Fulacht fia, Richmond, Co. Tipperary
Co. Tipperary |
Settlement Sites
Road schemes have a way of disturbing the past, and the N52 Nenagh Bypass link road in County Tipperary proved no exception.
When fieldwalking was carried out along the ploughed route in 1999, three spreads of burnt stone came to light in boggy ground at Richmond, sitting in a natural hollow edged by a low ridge. A fourth burnt spread lay close by to the south-west, suggesting that this was not an isolated episode but a place returned to, or at least a landscape that repeatedly attracted the same kind of activity.
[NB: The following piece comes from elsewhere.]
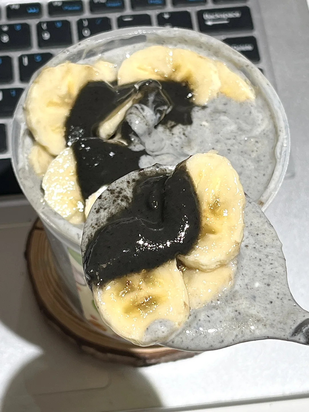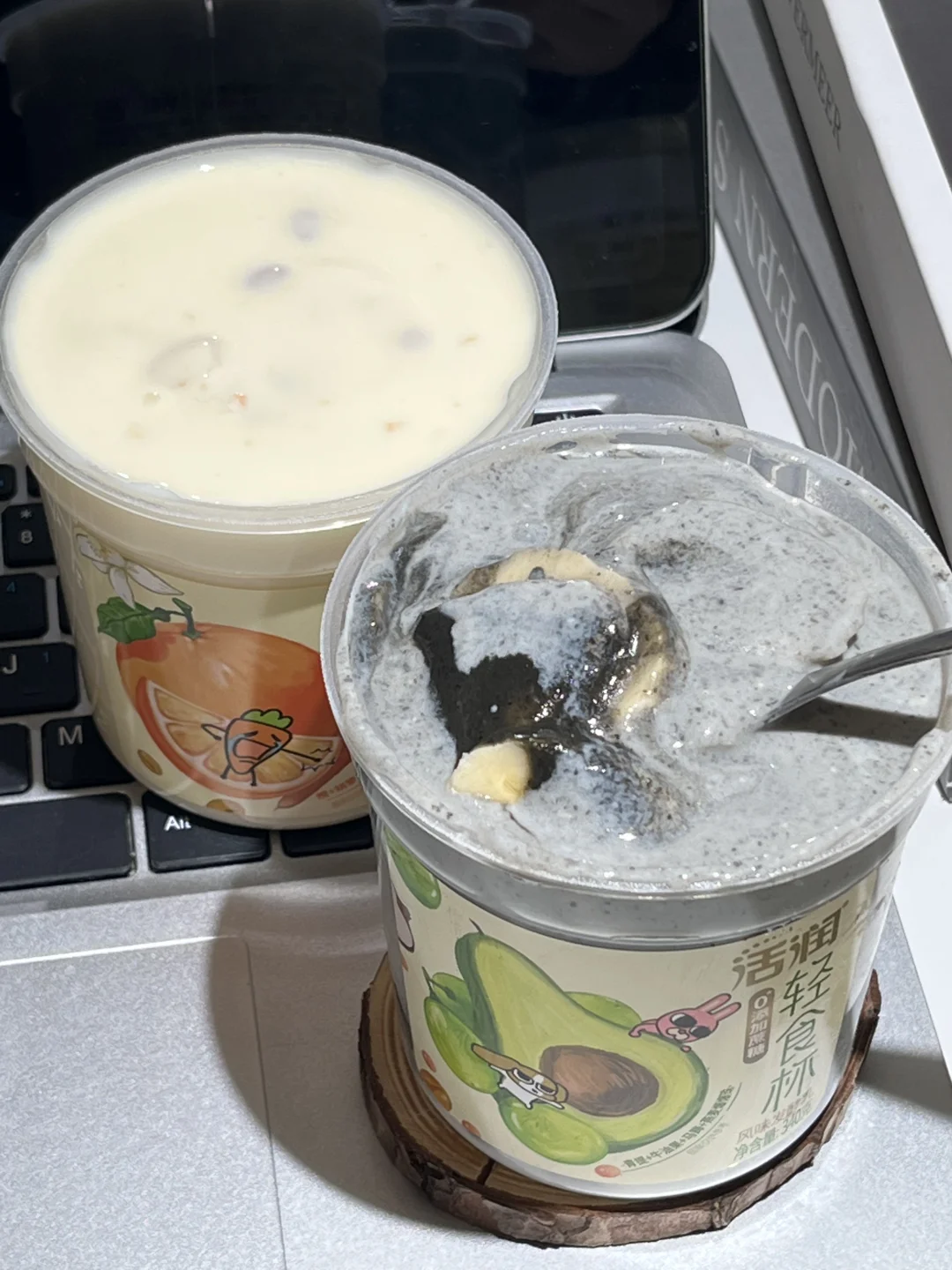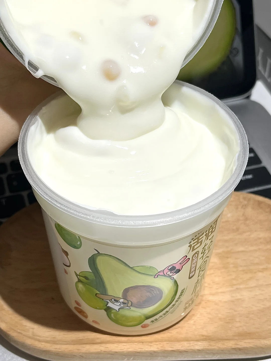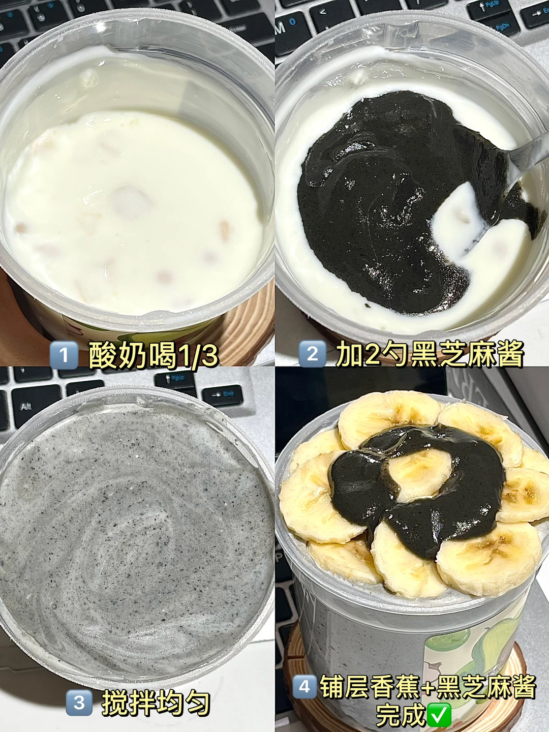 香蕉➕酸奶➕黑芝麻酱!吃的时候放冰箱冰一会,就变成我今年最爱的酸奶我没开玩笑[捂脸R][捂脸R] 扎实软糯又香甜,就像吃小甜品超级解馋!我妈喜欢吃热的(酸奶加热我不能理解哈哈)但很暖胃 用的酸奶是自带水果果肉的,口感挺丰富的,0蔗糖就是浓稠那挂的,味道是牛油果的,还有胡萝卜橙子味和青提茉莉味,总之这样真的好好吃,我以后都这么吃!!

The burnt stone spreads are the remains of a fulacht fia, a type of prehistoric cooking or processing site found in great numbers across Ireland. The typical arrangement involved a trough dug into the ground, filled with water, and heated by dropping fire-cracked stones into it; those stones, once spent, were raked aside and left in a mound or spread around the trough. Boggy, low-lying ground like that at Richmond was well suited to this, since water was reliably close to the surface. The natural hollow, defined by its ridge, would have made the spot easy to locate and return to. The fieldwalking was carried out by Hughes and O'Brien in 1999, ahead of construction work, meaning the site was identified and recorded before the road was built rather than encountered by accident afterwards.